Multiscale reinforcement and interfacial strengthening on epoxy-based composites by silica nanoparticle-multiwalled carbon nanotube complex

The multiscale reinforcement and interfacial strengthening on epoxy-based composites by nanoscale complex composed of zero-dimensional silica nanoparticles (SiO2) and one-dimensional multiwalled carbon nanotubes (MWCNTs) was examined.

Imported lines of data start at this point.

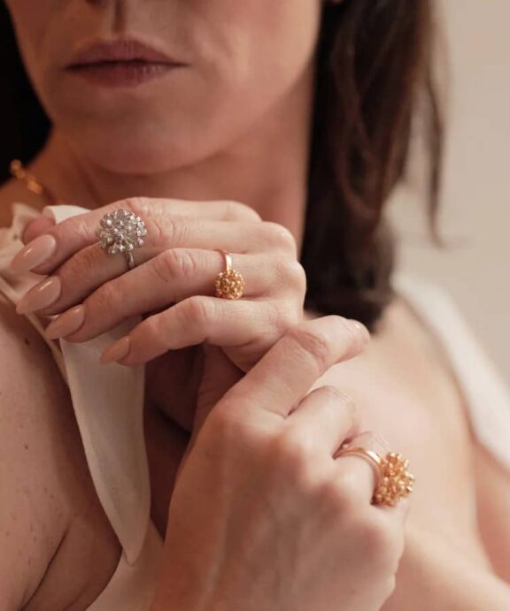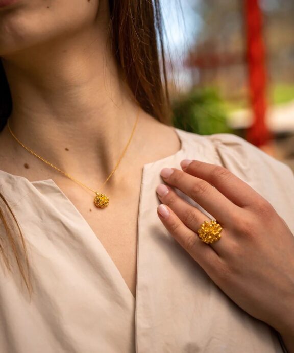 Denne fine statement ring med dild er fremstillet i sterling sølv og forgyldt med 22 karat guld. Ringen måler ca. 20mm på toppen. Den er justerbar og fås i 3 str. small/medium/large. Flora Danica har lavet denne ring i anledningen af deres 70 års jubilæum.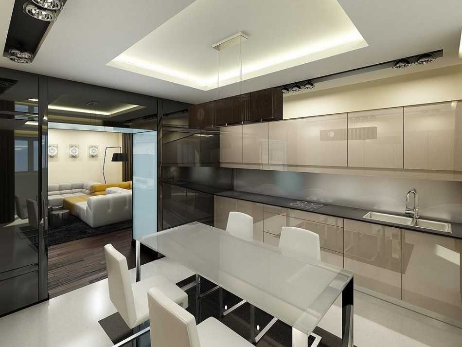 Потолок должен быть светлым, лучше матовым, но уместен и глянец. Он может быть покрыт штукатуркой или краской, оптимален натяжной потолок, а если высота позволяет, то кухню-гостиную лучше разграничить гипсокартонным двухуровневым потолком. Ниже — фото (листайте вправо).
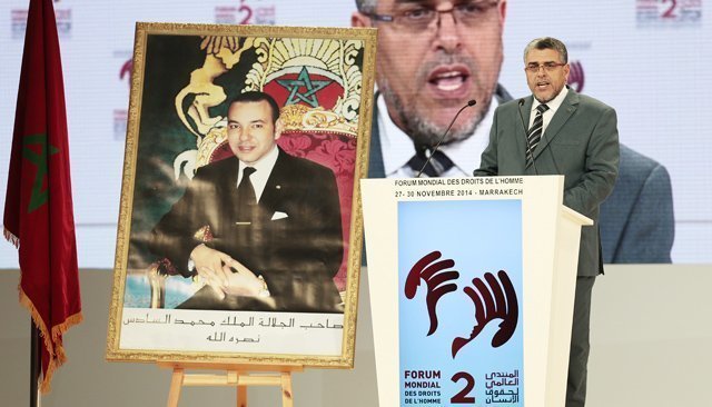 C’est un discours du Roi Mohammed VI qui a ouvert le 2e Forum Mondial des Droits de l’Homme le jeudi 27 novembre à Marrakech. Mostafa Ramid, ministre de la Justice et des libertés en a donné lecture. En voici les principaux points. Des signaux importants ont été donnés par le Roi : l’appropriation des valeurs par les pays du Sud sera progressive ; ces pays souhaitent et peuvent contribuer à produire de nouvelles normes dans ce domaine ; des textes marocains vont être votés tels que le projet de loi contre les violences faites aux femmes (comprenez : il est en retard), le Roi s’est félicité enfin du débat national sur l’abolition de la peine de mort: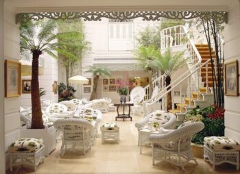 The Peninsula connu et reconnu à Bangkok bénéficie d’une superbe vue sur le Chao Phraya. Premier hôtel installé sur l’autre rive du fleuve, il s’est rapidement imposé comme le standard de l’excellence hôtelière dans une ville. L’idée géniale était d’être en face des autres. On a ainsi vue sur le vieux Bangkok et ses dernières maisons coloniales. Pour traverser, un service perpétuel de navettes donne un petit goût de Venise exotique. On ne décrit pas The Peninsula : on le vit. Une grande fontaine centrale extérieure se reflète dans les portes vitrées du hall d’entrée. Une fois à l’intérieur, on découvre un comptoir discret faisant office de réception. La décoration est très élégante, ornée de fleurs fraîches installées un peu partout dans l’hôtel. L’ambiance est très cosy : présence de meubles en bois précieux, marbre, grands miroirs, beaux tableaux et objets d’art. Avec ses 37 étages, l’établissement compte 370 chambres dont 60 suites. La décoration de celles-ci est classique mais très élégante. Elle décline différents tons de beige et gris clair, disposent de salles de bains somptueuse toute en marbre avec une belle vue panoramique sur le fleuve. On n’imagine pas tout ce qui passe sur un fleuve de jour comme de nuit. Petite originalité de l’endroit : un sas a été prévu pour les chaussures devant être cirées. Il communique avec l’extérieur, donc vous ne serez pas dérangé et vous les retrouverez au même endroit.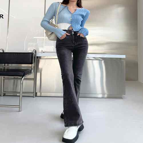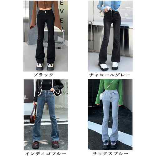 ストレッチパンツ 韓国風 レディース ボトムス パンツ 続々登場 サックスブルー ブラック インディゴブルー チャコールグレー 28 29 30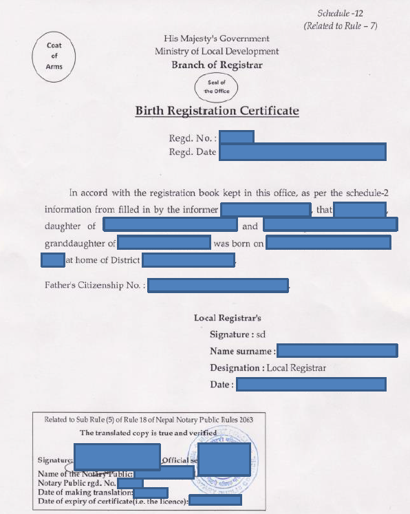 Will it be fine if we submit native (Nepali) copy of birth registration certificate along with english translated?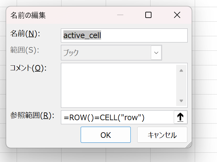 - 「参照範囲」に、以下の数式をコピー&ペーストします。 =ROW()=CELL(“row”)

The SiO2-MWCNT complex was successfully prepared by multi-step functionalization, which was characterized with FTIR, XPS and TEM. Mechanical properties of epoxy (EP) composites were significantly enhanced by SiO2-MWCNTs rather than other functionalized MWCNTs, due to synergy reinforcing effect of MWCNTs and SiO2 as well as enlarged interfacial areas by SiO2. The chemically bonded nanoscale interfacial area between glass fiber and matrix was generated and bridged by SiO2-MWCNTs, making glass fiber like a branched reinforcement, resulting in strong interfacial adhesion and effective stress transfer. Mechanical properties of SiO2-MWCNT/EP composites and GF/SiO2-MWCNT/EP composites were even higher than those predicted by Halpin-Tsai model and rule of mixtures, resulting from strengthened interfacial adhesion in the composites, high chemical reactivity of SiO2-MWCNTs and additional reinforcing effect of SiO2.